Впрочем, имею — на «форд-ферлейн». Уж его-то я знаю как свои пять пальцев, не я ли его холил и лелеял, чинил и чистил, пинал и проклинал, когда он ломался! Сидя в нем, я повторял те же движения, что и мама, как бы продлевая ее жизнь. На ее хорошее и плохое настроение, ее крутые виражи, лихие прогулки и поездки под градусом накладывались мои.

Следующие несколько часов я торчу в пропахшем пылью гараже рядом с механиком, который напевает бодрые песенки Шарля Трене, похожие в его исполнении на сыр с дырками. С самого рассвета он со знанием дела колдует над шикарной американкой. Для него это просто порядком изношенная колымага. Он разбирает детали под мерный свинг, отбивает такт инструментами и ловко закручивает гайки — каждая умещается в три ноты.

— Все в порядке, — говорит он, заходя на кухню. — Я заменил переключатель скоростей, глушитель и размонтировал крышу.

Папа стоит перед дымящейся кастрюлькой, в которой разогревается кофе, и, глядя в зеркало над раковиной, поправляет галстук. Слышно, как в пристройке негромко ворчит мотор.

— Значит, я могу ехать?

— Ну… в общем да, — с заминкой отвечает механик. — А тюлевые ленты оставить?

Поразмыслив и сняв с огня кастрюльку, папа отвечает: «Оставьте». Для храбрости он выпивает весь кофе до последней капельки, садится в «форд», ни разу не выезжавший со дня моей свадьбы, и едет к часовне. Белый тюль развевается на ветру.

Первыми явились Дюмонсели. Жанна-Мари, мать-настоятельница сладкой обители, в длинном каракулевом манто и берете из того же меха, стоит на замшелом пороге часовни. За ней — весь выводок по старшинству.

— Какая прекрасная смерть! — искренне вздыхает она, прижимаясь к щеке Фабьены и целуя воздух. — Хоть какое-то утешение в вашем горе.

Ее собственного мужа убил коровий пук. Он пошел подоить корову для успокоения нервов, кончил дойку и хотел зажечь сигарету, но тут гремучая смесь кислорода с исторгшимся из коровьей утробы метаном взорвалась, и обоих, хозяина и скотину, разорвало в куски. Сообщение об этом событии появилось на первой полосе «Дофине либере», на похоронах весь Экс с трудом удерживался от смеха, а Жанна-Мари навсегда осталась травмированной. Как бы ни отыгрывалась она на детях, но глубоко въевшиеся горечь и унижение отравили ее почтенное вдовство.

Фабьена благодарит. Она украдкой поглядывает на кучку людей около автостоянки напротив часовни, еще не успевших перейти через дорогу. Поджидает Наилу. Но Наила не придет. Рано утром она собрала чемоданы и отбыла на остров Маврикий. Там открылся отреставрированный отель и для пользы дела разослал приглашения турагентствам.
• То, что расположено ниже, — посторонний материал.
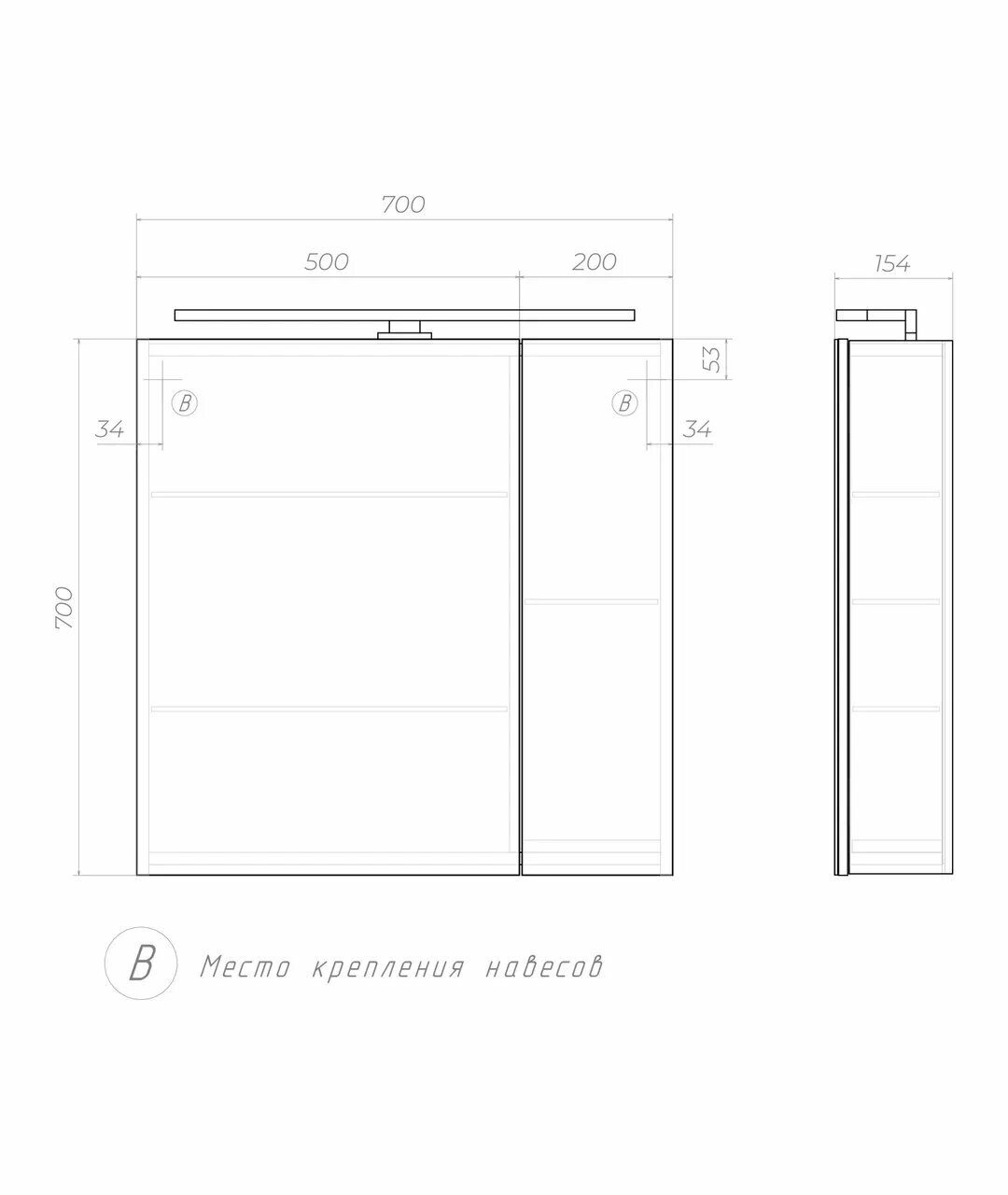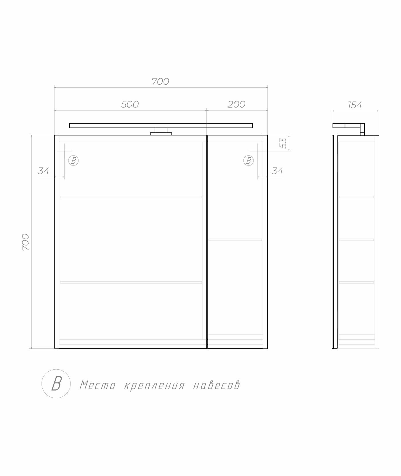 Зеркальный шкаф Vigo Kolombo 70 с подсветкой Серый
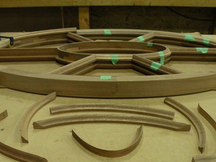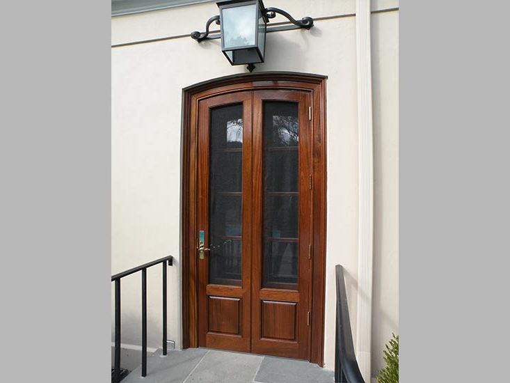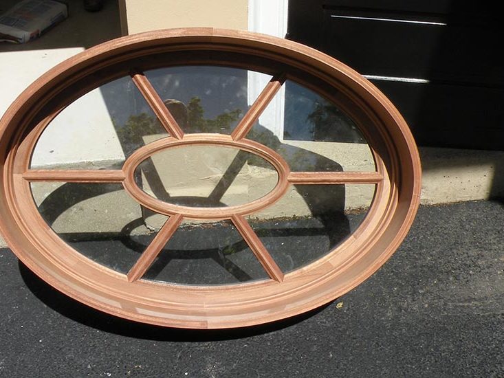 Phase #1 – Adams Architectural Millwork Co. built several weight and pulley single hung windows, custom entry doors with custom combination storm/screen doors. Also built an oval window with Tru-divided lites and a jamb. All products were fabricated from Mahogany.

Собственно, пригласили фикусную барышню, но она не пожелала ехать туда в сезон циклонов и послала вместо себя помощницу.

Как я мечтал поехать вдвоем с Наилой в настоящее путешествие, куда-нибудь на край света, где нет ни одного европейца. Мы собирались осуществить этот план на будущее лето. Я рад, что она улетает именно сегодня, отрывается от земли в то самое время, когда меня погребают. Допускаю, что в моих силах в один миг переноситься в любую точку планеты без всяких посредников, но эта независимость мне не нужна. Я предпочитаю лишь отвечать, когда меня зовут.

Перед отъездом Наила написала мне письмо и оставила его в шкафу, засунув между рамой и холстом «Забытого окна».

Жак! В нынешнем своем положении ты, вероятно, уже знаешь, что, кроме тебя, у меня был другой мужчина. Мне это было нужно, чтобы не попрекать тебя твоей женой. И я этому рада теперь, когда познакомилась с ней. Честно говоря, я не очень понимаю, зачем я тебе понадобилась. Фабьена куда красивее меня. Когда мы с ней разговаривали, мне казалось, что твоя любовница не я, а она. А уж на твоей картине я и вовсе уродина. Но мне было с тобой хорошо. И ты не сразу со мной расстанешься. Я всегда доверяла тебе. И доверяю. Вот это я хотела тебе сказать.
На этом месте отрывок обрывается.